Name Server Performance

     The new server software seems to have stopped the crashes but I still wasn’t satisfied with the performance of ns1 and ns2, especially ns1.  I discovered that the main load was from the mail servers accessing various real time black hole lists as part of Spamassasins’ spam scoring.

     To alleviate this I set-up two new name servers specifically for mx1 and mx2 to use, taking the load off of ns1 and ns2.  These new servers are not directly available to the public but have been created to reduce the load and improve the response time to those that are.  I now consistently get responses <100ms on all four public name servers.

Bind 9.10.1-P2 Installed

    The latest stable release of BIND (named), 9.10.1-P2 is installed on all of our name servers.  Hopefully this will eliminate the exploit someone has discovered in the last few days.

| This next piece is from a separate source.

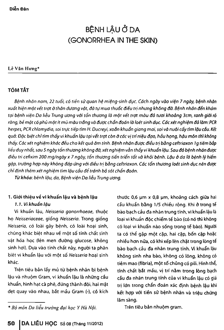 A patient, 22-year-old man, with a history of oral-genital sexual contacts had a peeled-off lesion on the body of the penis 7 days before hospital examination. He's been self-treated but no improvement has been seen. Patient visited at the National Hospital for Dermatology and Venereology with the injury of the 3-cm scarlet peeled-off lesion, clear boundaries. The lesion surface was covered with a little white pus and he was diagnosed of genital ulcers. He was tested for herpes PCR, chlamydia PCR, direct microscopy for H. ducreyi, T. pallidum, and culture for gonorrhea. Results: N. gonorrhoeae has been seen in the penis lesion and not in the urethra, throat, anus. Other tests were negative. Patient has been treated with Ceftriaxone 1 g-single intramuscular dose for 5 days but there was no change in the lesion, N. gonorrhoeae was still seen. Then patient was treated with cefixime at 200 mg/day for 7 days. Lesion progressed well and cured. Gonorrhea in the skin is rare. This case did not respond to the treatment of ceftriaxone. Genital ulcer lesions should be assigned additional tests for gonorrhea in order to avoid missing the diagnosis.

Slow Services – Recompiling / Updating BIND

     I am updating BIND because the version that we have has been crashing due to recently discovered exploits.  Each name server will be out of service for a period of time and during this time responses to various servers may be delayed by 5 seconds if the resolver for that service happens to pick the out of service name server first.

Out of Office

      I will be going to the co-location facility to attempt to resurrect the old Eskimo.Com SunOS shell server.

     In addition I will be working on some firewall rules to prevent idiots brute force password guessing from locking me out of the router.

     If you call during this time, please leave a message and include the latest time that it will be okay for me to call you back.  If it’s before that time when I return I will call.

     Thank you.

Eskimo.Com SunOS Shell Server Down

     The eskimo.com shell server (old SunOS 4.1.4 machine) is down and will remain that way until tomorrow afternoon.  It is stuck in a mode where the kernel is still running and it can be pinged, but no user mode programs get CPU time.  This is an old SunOS bug.

     We only have one car and my wife has it right now.  In the meantime please use one of the other shell servers: shellx.eskimo.com, debian.eskimo.com, ubuntu.eskimo.com, opensuse.eskimo.com, centos7.eskimo.com, scientific.eskimo.com, scientific7.eskimo.com, fedora.eskimo.com, or mint.eskimo.com.

DNS Issues

     Even with all the changes I made, there was STILL an occasional slow load of images, and the delay was always 5 seconds when this happened.

     I finally was able to chase this down.  Rate limiting on the name servers was kicking in and 5 seconds is the default resolver time before it gives up and moves on to the next name server.

     I have adjusted the rate limiting up so that they will rarely be invoked, added a rotate argument to the resolv.conf configuration so that it spreads the load across the servers, and I’ve added timeout:1 to make it give up after one second instead of five if a server doesn’t respond to minimize the page load delay in the event of a server failure.

     This seems to have completely eliminated the delayed loading.

SSL

     I have made some configuration changes so that when you go to eskimo.com or www.eskimo.com, you will connect SSL even if you do not specify https in the URL.  This is to prevent user authentication information in applications like WebMail, the Forums, or PHPMyAdmin from being sniffed en route and also to secure your data.

Brief Interruption between now and 6PM

      There will be a brief interruption between now and 6PM while our router at the co-location facility is rebooted.  This is necessary because idiots trying to brute force password guess have caused it to disallow remote logins so I can not monitor traffic or make configuration changes.